PROVIDED DATA
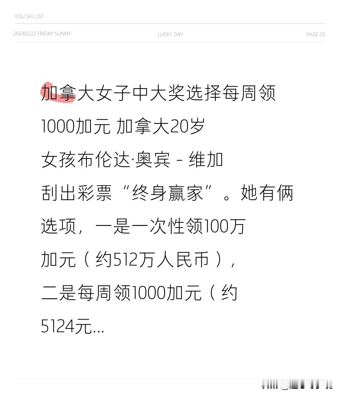加拿大女子中大奖选择每周领1000加元 加拿大20岁女孩布伦达·奥宾 - 维加刮出彩票“终身赢家”。她有俩选项,一是一次性领100万加元(约512万人民币),二是每周领1000加元(约5124元)直到终身。她选了后者,打算用这笔稳定收入买房。 网友对此看法不一。有人夸她聪明,觉得每周5000多元细水长流,能带来长久幸福感。但也有人担忧,怕遇上高通胀,钱不值钱,认为该一次性落袋为安。要是我中奖,这选择也难啊,毕竟一夜暴富和一生安稳都有吸引力。
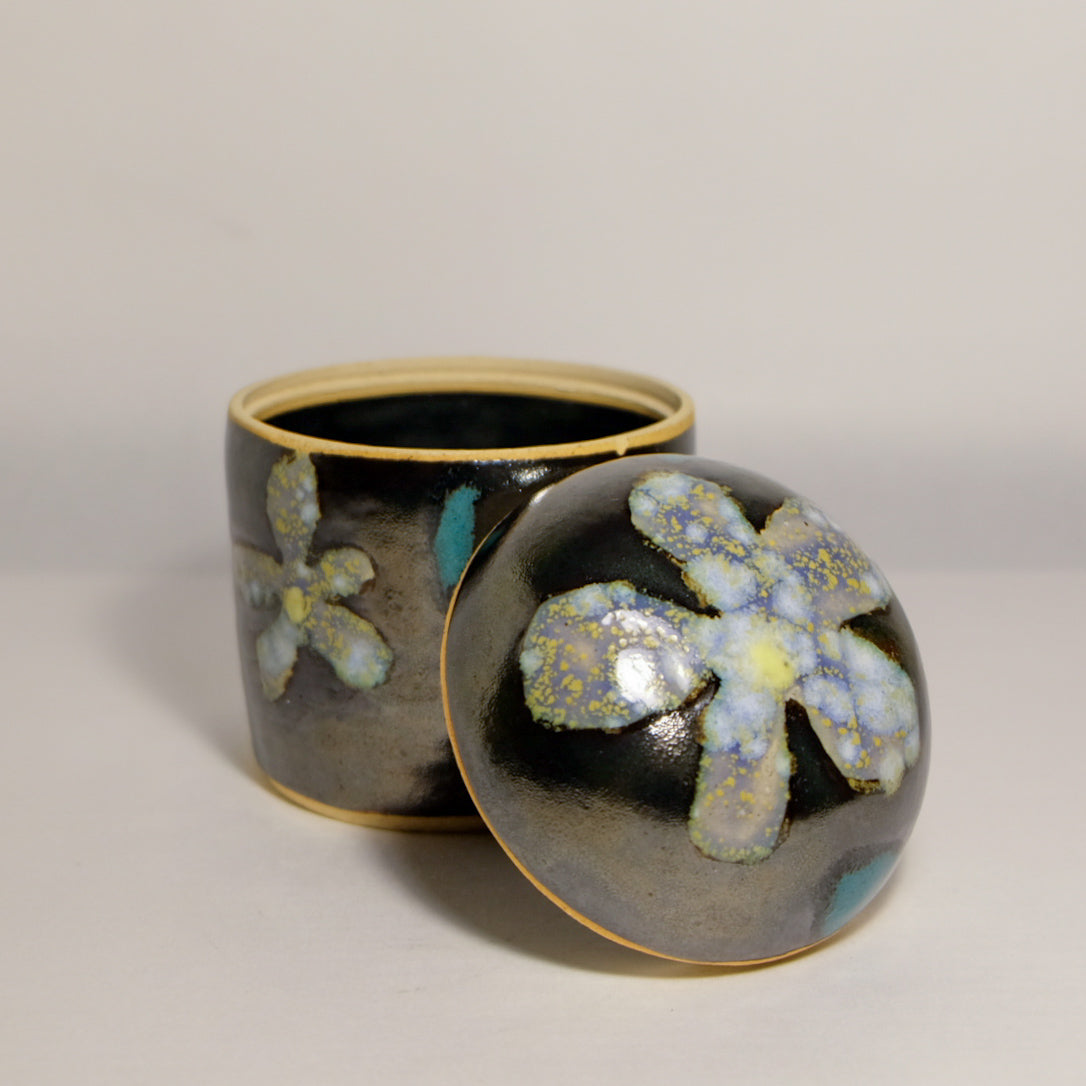 This ceramic jar is perfect for storing tiny treasures—from loose leaf tea to salt, spices, or keepsakes. Hand-glazed in deep, moody tones and adorned with delicate, dreamy blossoms, each jar is one of a kind. Its rounded shape and snug-fitting lid make it as functional as it is beautiful.
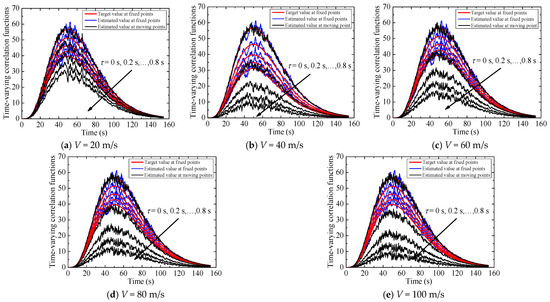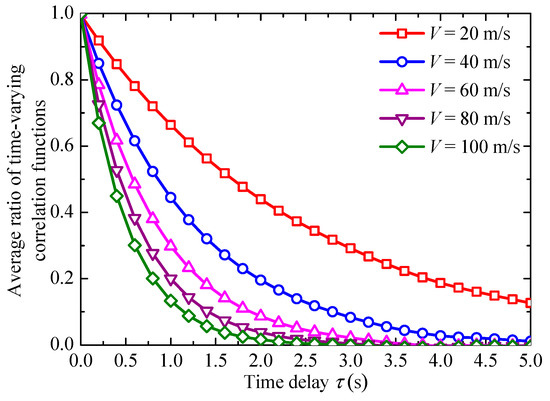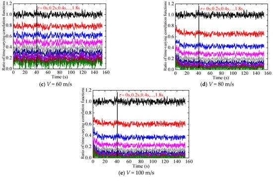 According to the parameters in Section 2.2, the vehicle’s moving speed V = Δy/Δt = 40 m/s. In order to compare the effects of different vehicle’s moving speeds V on the time-varying correlation functions of fluctuating wind speed at the moving point, the time–history curves of fluctuating wind speed at moving and fixed points under the moving speed V of 20 m/s, 40 m/s, 60 m/s, 80 m/s, and 100 m/s are generated. Figure 13 shows the time-varying correlation functions of fluctuating wind speed at the moving point under different vehicle’s moving speeds. It indicates that the time-varying correlation function values of fluctuating wind speed at moving and fixed points are roughly consistent at the time delay τ = 0 s. However, the time-varying correlation function values of fluctuating wind speed at the moving point are smaller than those at fixed points at each time under the time delay τ > 0 s. Similarly, Figure 14 provides the ratios of time-varying correlation functions between the moving and fixed points at different vehicle’s moving speeds, which shows that the ratios fluctuate up and down along a line over time. However, different from previous sections, the ratios are different at different moving speeds V. Figure 15 shows the average ratios of time-varying correlation functions of fluctuating wind speed at moving and fixed points under different vehicle’s moving speeds V. It is seen that the average ratio between the two gradually decreases with the increase in time delay τ, and the average ratio under the same time delay τ gradually decreases with the increase in vehicle’s moving speed. In a word, the above analysis on the effects of different mean wind speeds, ground clearances, temporal modulation function parameters, and vehicle’s moving speeds on the time-varying correlation function ratios of the time history of fluctuating wind speed at fixed and moving points demonstrate that the ratio of the two is insensitive to mean wind speeds, ground clearances, temporal modulation function parameters, but more sensitive to different vehicle’s moving speeds.

EXERCISE DIRECTIONS
Exactly restate the lines from the beginning of the data through the line with "This ceramic jar", and no others, keeping pictures out.

REPLY
加拿大女子中大奖选择每周领1000加元 加拿大20岁女孩布伦达·奥宾 - 维加刮出彩票“终身赢家”。她有俩选项,一是一次性领100万加元(约512万人民币),二是每周领1000加元(约5124元)直到终身。她选了后者,打算用这笔稳定收入买房。 网友对此看法不一。有人夸她聪明,觉得每周5000多元细水长流,能带来长久幸福感。但也有人担忧,怕遇上高通胀,钱不值钱,认为该一次性落袋为安。要是我中奖,这选择也难啊,毕竟一夜暴富和一生安稳都有吸引力。
 This ceramic jar is perfect for storing tiny treasures—from loose leaf tea to salt, spices, or keepsakes. Hand-glazed in deep, moody tones and adorned with delicate, dreamy blossoms, each jar is one of a kind. Its rounded shape and snug-fitting lid make it as functional as it is beautiful.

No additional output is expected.